_Provided records:_
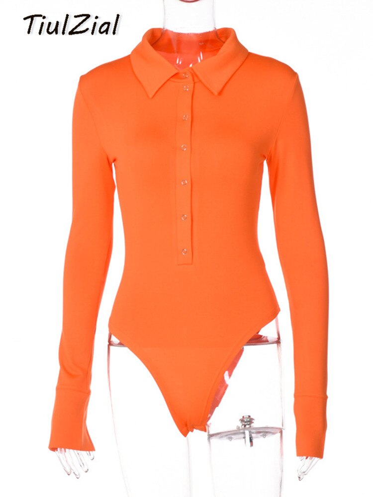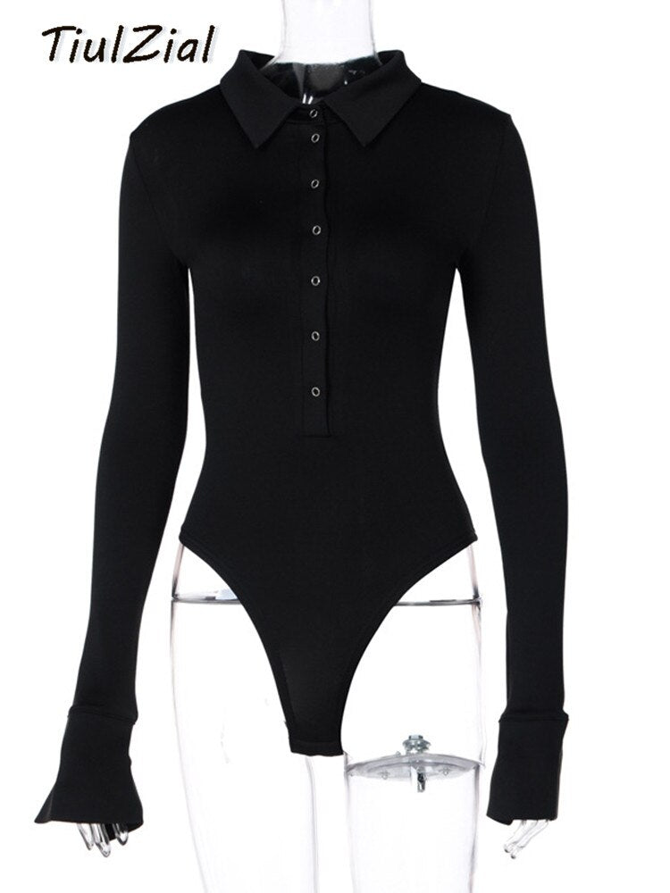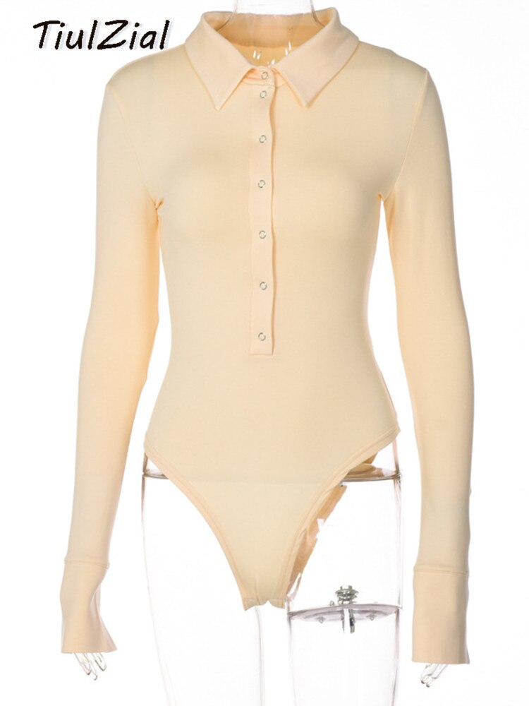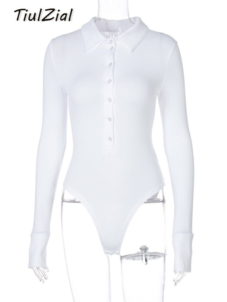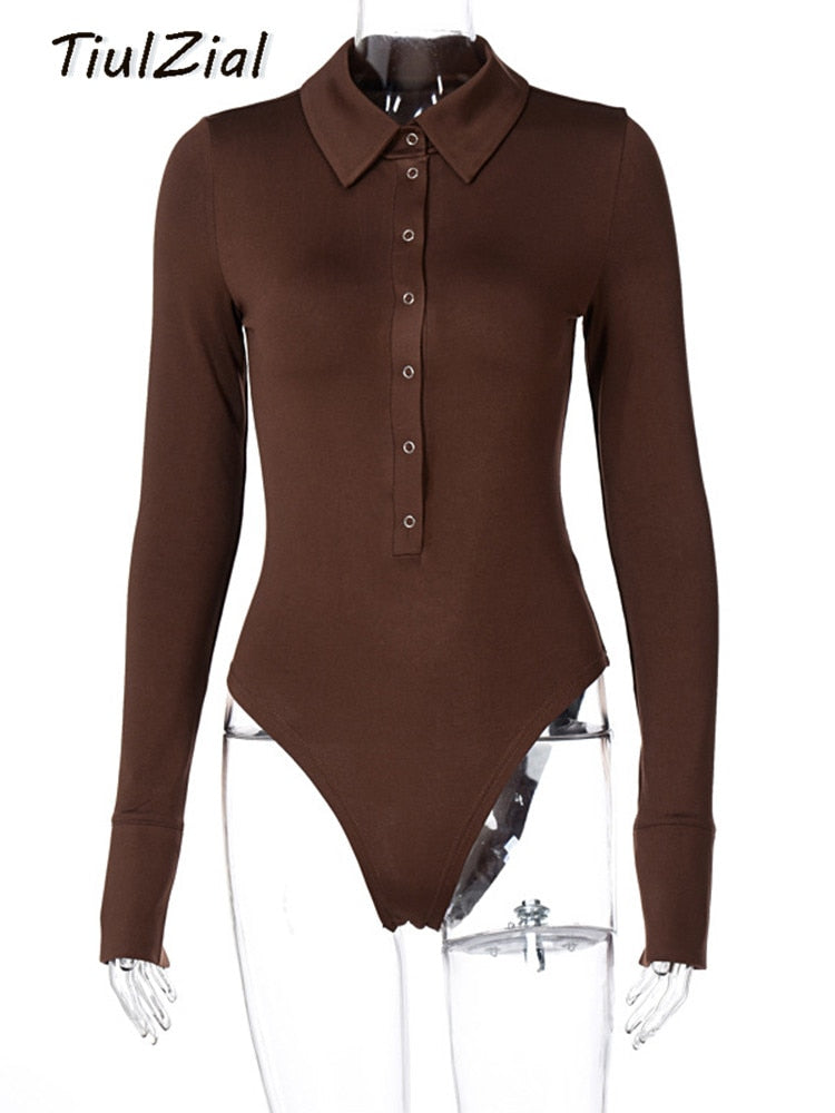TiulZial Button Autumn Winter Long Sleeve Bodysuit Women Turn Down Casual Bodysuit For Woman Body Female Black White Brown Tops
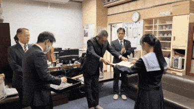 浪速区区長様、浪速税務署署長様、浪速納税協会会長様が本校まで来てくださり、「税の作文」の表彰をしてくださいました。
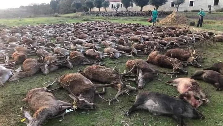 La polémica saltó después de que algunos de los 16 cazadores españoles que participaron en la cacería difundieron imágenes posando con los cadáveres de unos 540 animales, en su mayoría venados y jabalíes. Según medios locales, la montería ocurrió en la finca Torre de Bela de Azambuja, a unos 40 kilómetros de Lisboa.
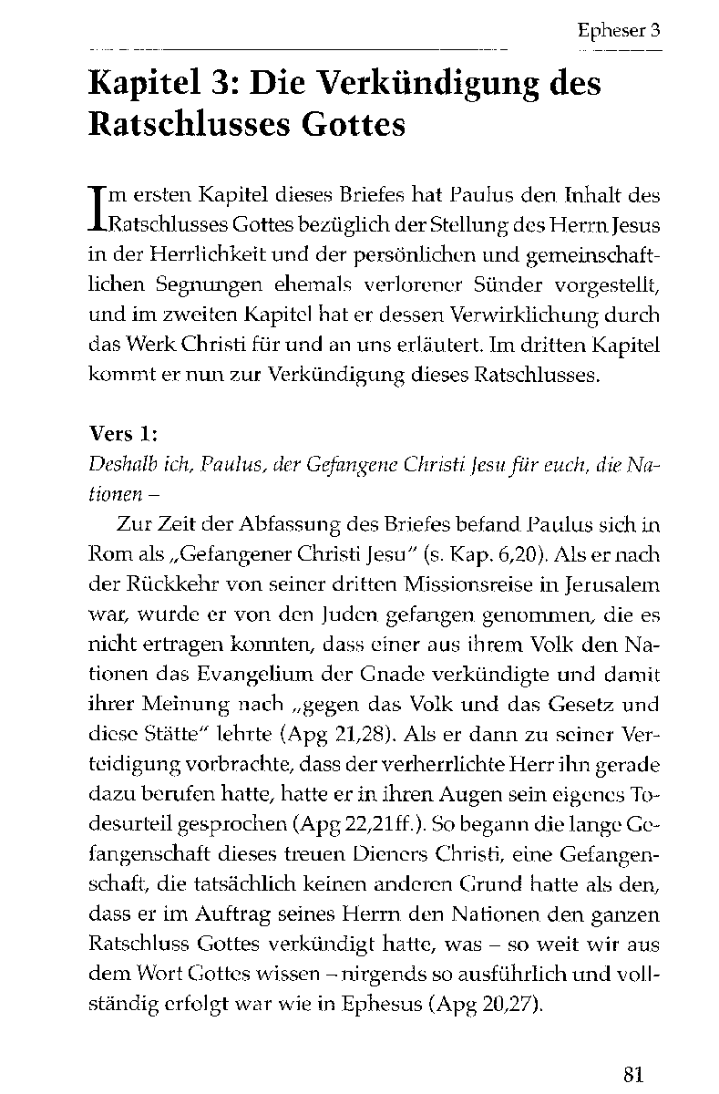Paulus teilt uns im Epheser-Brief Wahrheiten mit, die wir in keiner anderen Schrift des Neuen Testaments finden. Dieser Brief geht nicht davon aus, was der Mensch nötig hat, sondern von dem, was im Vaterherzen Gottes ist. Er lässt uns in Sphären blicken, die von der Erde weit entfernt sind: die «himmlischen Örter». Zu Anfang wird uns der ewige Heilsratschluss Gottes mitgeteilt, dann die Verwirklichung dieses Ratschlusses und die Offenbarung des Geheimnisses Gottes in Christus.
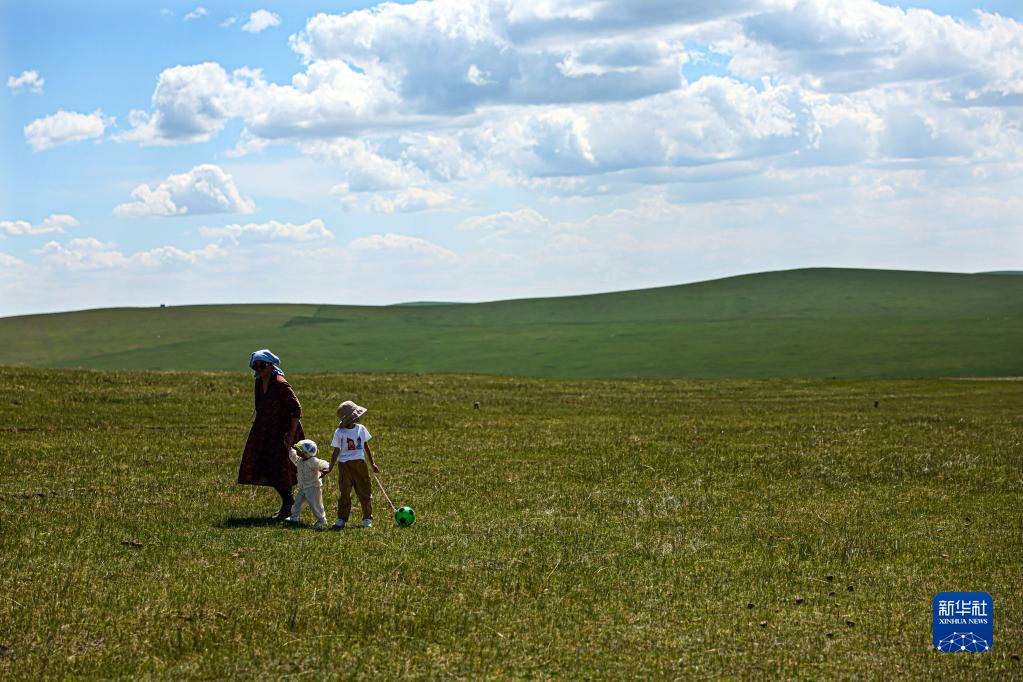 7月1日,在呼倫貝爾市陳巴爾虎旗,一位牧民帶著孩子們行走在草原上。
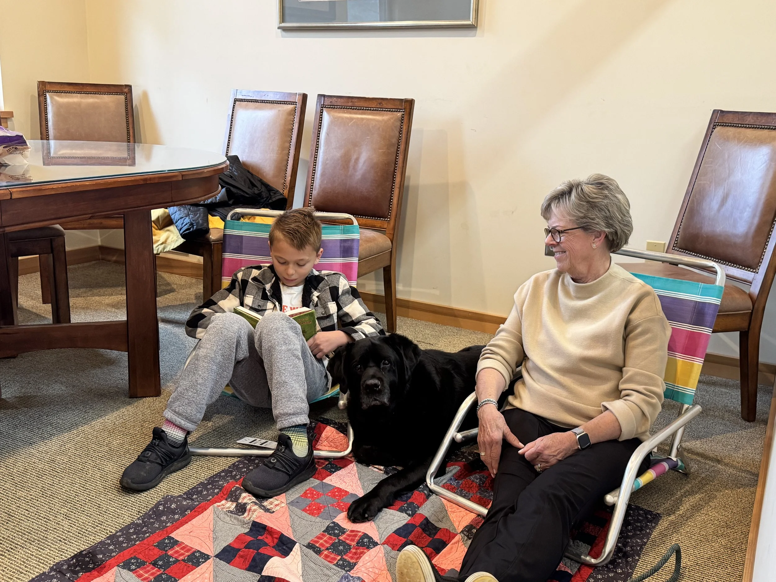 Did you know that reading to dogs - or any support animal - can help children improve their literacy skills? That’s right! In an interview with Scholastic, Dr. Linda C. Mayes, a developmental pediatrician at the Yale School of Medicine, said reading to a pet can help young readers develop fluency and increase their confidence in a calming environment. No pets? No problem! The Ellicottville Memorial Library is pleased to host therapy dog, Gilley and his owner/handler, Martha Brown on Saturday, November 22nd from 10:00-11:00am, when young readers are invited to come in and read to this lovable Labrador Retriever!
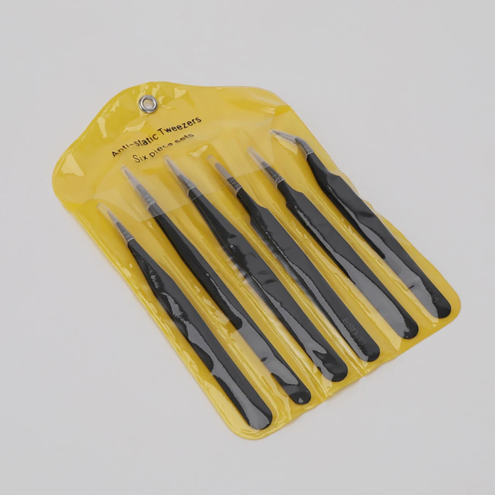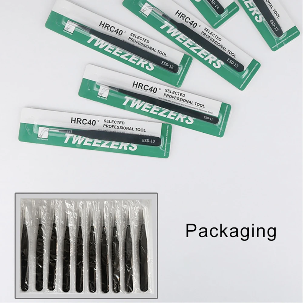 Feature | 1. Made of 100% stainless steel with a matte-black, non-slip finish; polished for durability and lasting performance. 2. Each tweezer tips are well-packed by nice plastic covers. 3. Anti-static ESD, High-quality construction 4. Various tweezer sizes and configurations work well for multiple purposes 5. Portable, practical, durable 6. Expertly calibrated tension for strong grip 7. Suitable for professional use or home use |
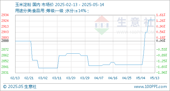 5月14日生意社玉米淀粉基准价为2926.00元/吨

_Work to be completed:_ In the records above, find the line with "浪速区区長様、浪速税務署署長" and the line with "7月1日,在呼倫貝爾市陳巴爾虎旗,一位牧民帶著孩子們行走在草原上。". Write out exactly those lines and every one between, with no pictures and no other lines.

_Output:_
 浪速区区長様、浪速税務署署長様、浪速納税協会会長様が本校まで来てくださり、「税の作文」の表彰をしてくださいました。
 La polémica saltó después de que algunos de los 16 cazadores españoles que participaron en la cacería difundieron imágenes posando con los cadáveres de unos 540 animales, en su mayoría venados y jabalíes. Según medios locales, la montería ocurrió en la finca Torre de Bela de Azambuja, a unos 40 kilómetros de Lisboa.
Paulus teilt uns im Epheser-Brief Wahrheiten mit, die wir in keiner anderen Schrift des Neuen Testaments finden. Dieser Brief geht nicht davon aus, was der Mensch nötig hat, sondern von dem, was im Vaterherzen Gottes ist. Er lässt uns in Sphären blicken, die von der Erde weit entfernt sind: die «himmlischen Örter». Zu Anfang wird uns der ewige Heilsratschluss Gottes mitgeteilt, dann die Verwirklichung dieses Ratschlusses und die Offenbarung des Geheimnisses Gottes in Christus.
 7月1日,在呼倫貝爾市陳巴爾虎旗,一位牧民帶著孩子們行走在草原上。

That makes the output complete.